Italy bridge designer warned in 1979 of corrosion risk

The collapsed Morandi bridge (Luca Zennaro/ANSA via AP) Credit: AP/Press Association Images

The engineer who designed the Genoa bridge that collapsed and killed dozens warned four decades ago that it would require constant maintenance to remove rust.

RAI state television broadcast excerpts Sunday of the report that the late engineer Riccardo Morandi wrote in 1979, 12 years after the bridge bearing his name was inaugurated in Genoa.

The Associated Press downloaded the English-language report from an engineering news portal.

At the time of writing, Morandi said there was already a “well-known loss of superficial chemical resistance of the concrete” because of sea air and pollution from a nearby steel plant.

He said he chose to write about it because the degradation represented a particular “perplexity” given the “aggressivity” of the corrosion that was not seen in similar structures in different environments.

Morandi reaffirmed the soundness of the reinforced concrete bridge design he used but warned: “Sooner or later, maybe in a few years, it will be necessary to resort to a treatment consisting of the removal of all traces of rust on the exposure of the reinforcements, to fill in the patches.”

He recommended using an epoxy resin to cover the reinforcements with materials “of a very high chemical resistance”.

A firefighter checks the bridge.

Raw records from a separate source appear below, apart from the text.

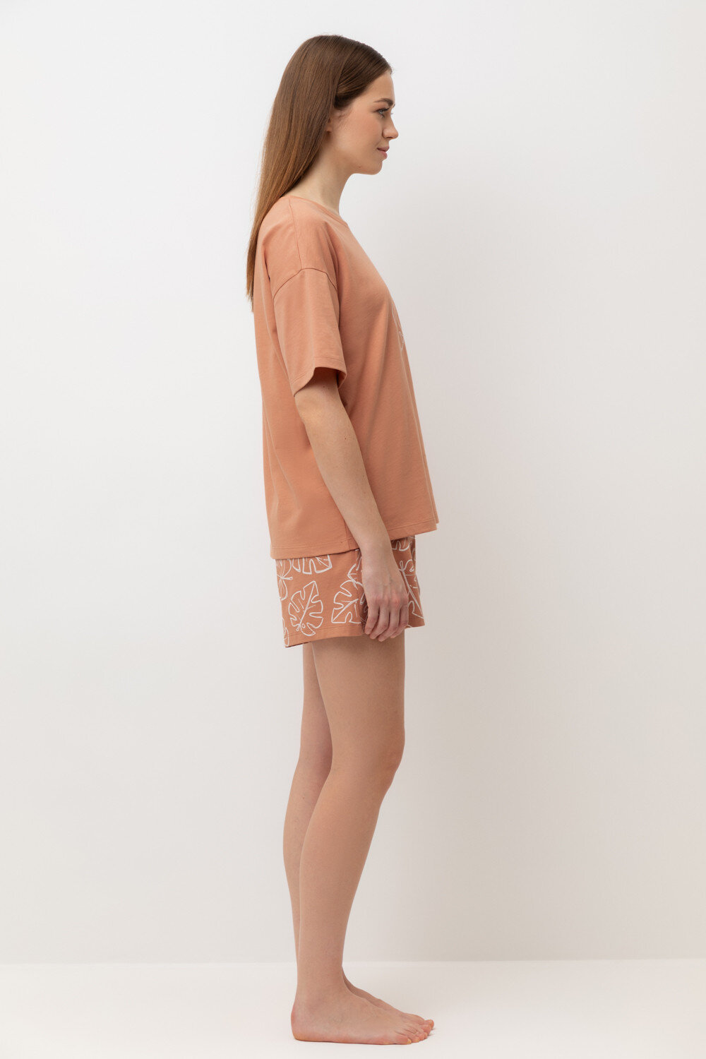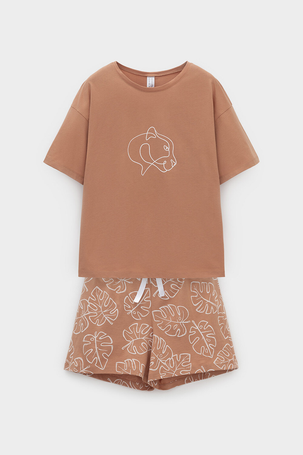 Комплект для комфортного сна и отдыха из трикотажа с нежным рисунком из 100% натурального хлопка. Футболка с короткими рукавами и спущенной линией плеча комфортно садится по фигуре. Шорты с мягким поясом на резинке. В поясе шорт атласная лента. Свободный силуэт не сковывает движения.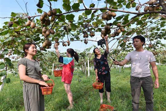 游客在猕猴桃基地体验采果购买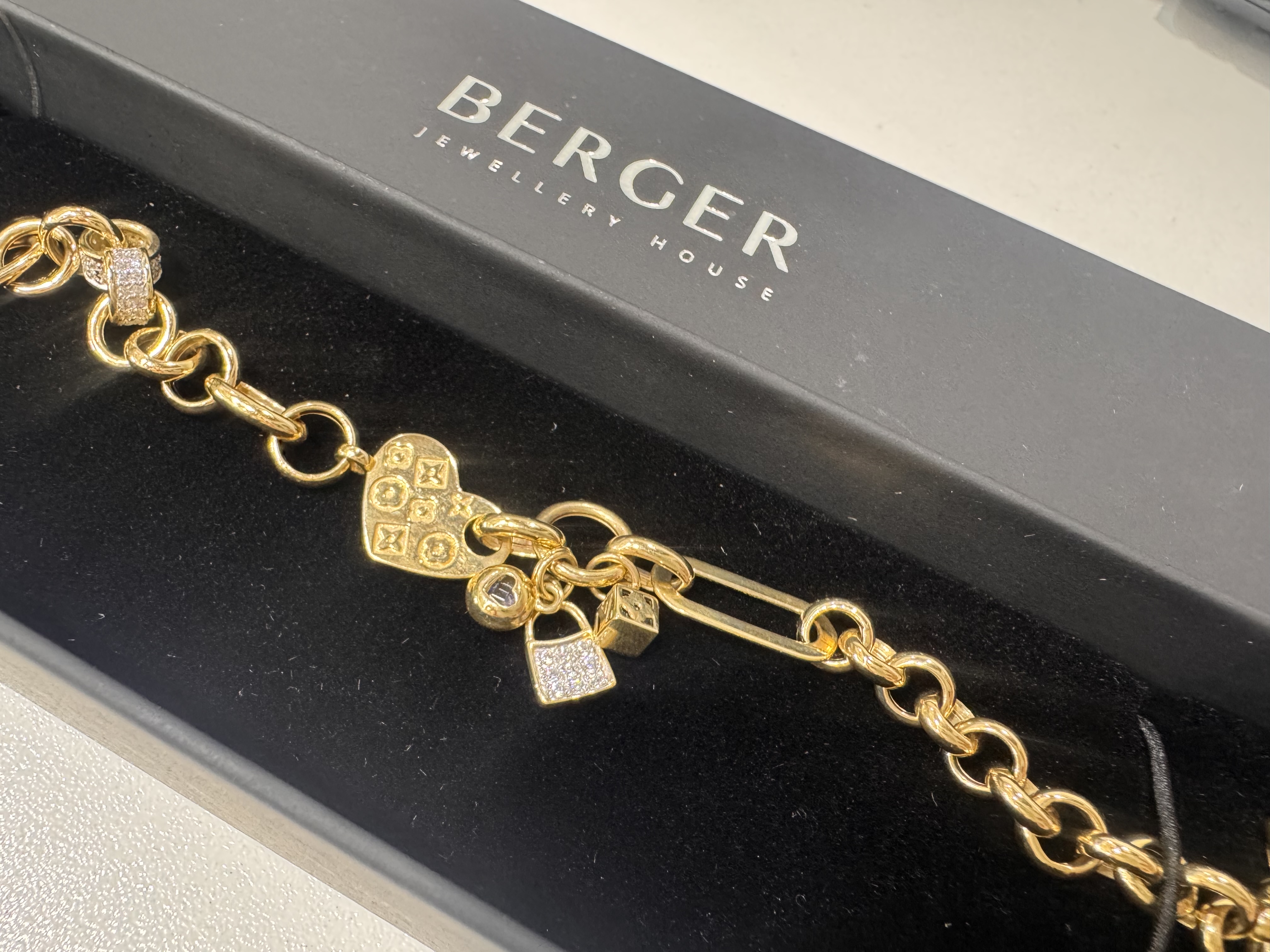 Браслет выполнен в виде шармов, которые выполнены в разных стилях и дизайнах. Шармы представлять собой миниатюрные символы, геометрические формы, замочек и сердечко . Каждый шарм добавляет браслету индивидуальности и характера. Покупал на подарок , думаю девушка оценит подарок по достоинству.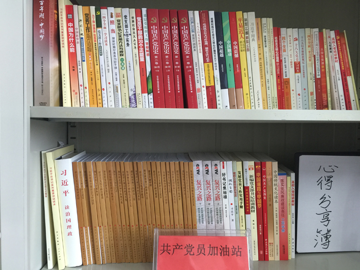 “加油站”书架上陈列着《习近平谈治国理政》、《中国共产党党史》、《复兴之路》、“三严三实”相关读物等书籍70余本,从内容上可以说“种类齐全、营养丰富”。在“加油站”,大家可以学习党的历史,让自己更加热爱党,坚定跟党走的信念;还可以学习先进党员的先进事例,从中学习他们的闪光点,从各个角度提高自己的修养和素质。下一步,工商管理系党总支将在每个办公室都设立一个党员“充电角”,以便于老师们在闲余时间学习充电,更加了解掌握党情国情,更好地发挥党员的先锋模范作用。
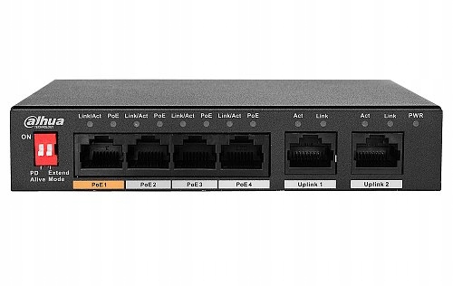 Пристрій використовує чотири порти PoE, кожен з яких дозволяє живити цільовий пристрій із споживаною потужністю не більше 30 Вт (виняток становить перший порт із підтримкою для стандарту Hi-PoE, який може забезпечити потужність до 60 Вт). Додатковою перевагою комутатора Dahua PoE є функція, пов’язана з інтелектуальним механізмом захисту, який постійно регулює енергоспоживання у разі перевантаження.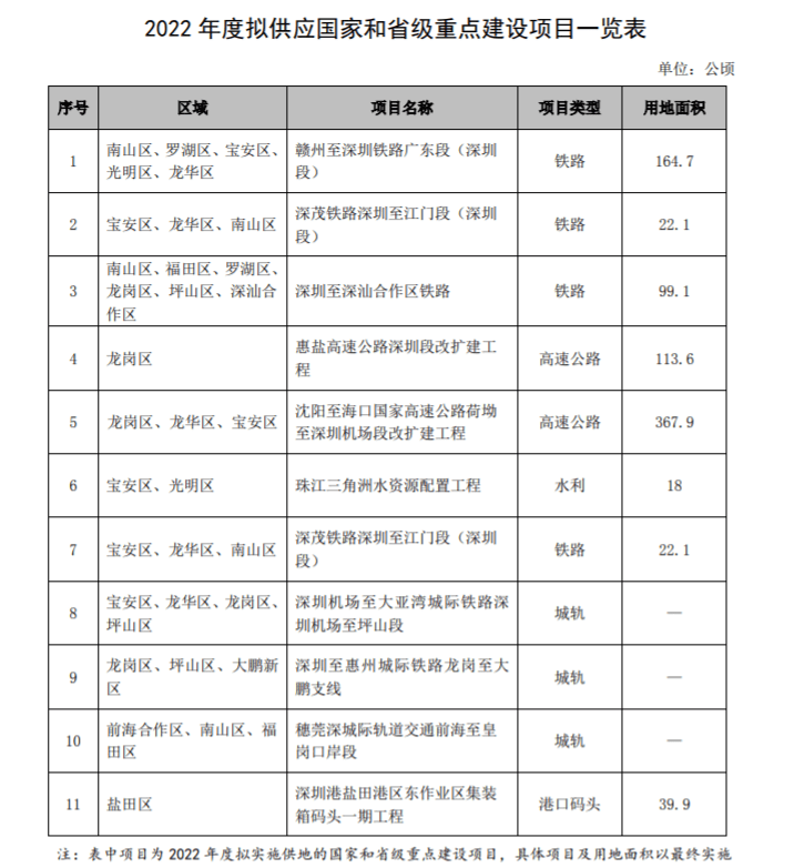 2022年度供应的国家和省级重点建设项目有赣州至深圳铁路广东段(深圳 段)、深茂铁路深圳至江门段(深圳 段)、深圳至深汕合作区铁路、深茂铁路深圳至江门段(深圳 段);

Credit: Vigili del Fuoco via AP

A huge section of the bridge collapsed on August 14 during a fierce storm, killing 43 people and forcing the evacuation of nearby residents in the densely built-up area.

The cause is under investigation, and a team of engineers appointed by the ministry of infrastructure and transportation carried out a preliminary inspection Sunday after rescue crews concluded their search for the missing.

The head of the government team, Roberto Ferrazza, said the preliminary survey suggested a series of possible causes and not just a simple collapse of the bridge support since the span appears to have initially experienced a distortion.

“We have to look at the positioning of the rubble, considering that there was a break that provoked an imbalanced movement of the structure,” the ANSA news agency quoted Ferrazza as saying.

The death toll reached 43. Credit: Luca Zennaro/ANSA via AP

The Espresso news magazine reported Sunday that Ferrazza was one of the engineers who knew about the advanced corrosion under way on the key bridge support that gave way, having attended a February 1 meeting of experts from the transport ministry and the company that manages bridge repairs.

Minutes of the meeting, which bear Ferrazza’s signature, recommended that the supports be reinforced given the “trend of degradation” being registered.

Bidding opened in April for the 20 million euro (£18 million) public works contract, according to Italian media.

On Sunday, dozens of Genoese residents gathered in a central piazza to both vent rage and pain over the collapse.

Many wrote messages and poems on sheets of white paper unrolled on the piazza cobblestones.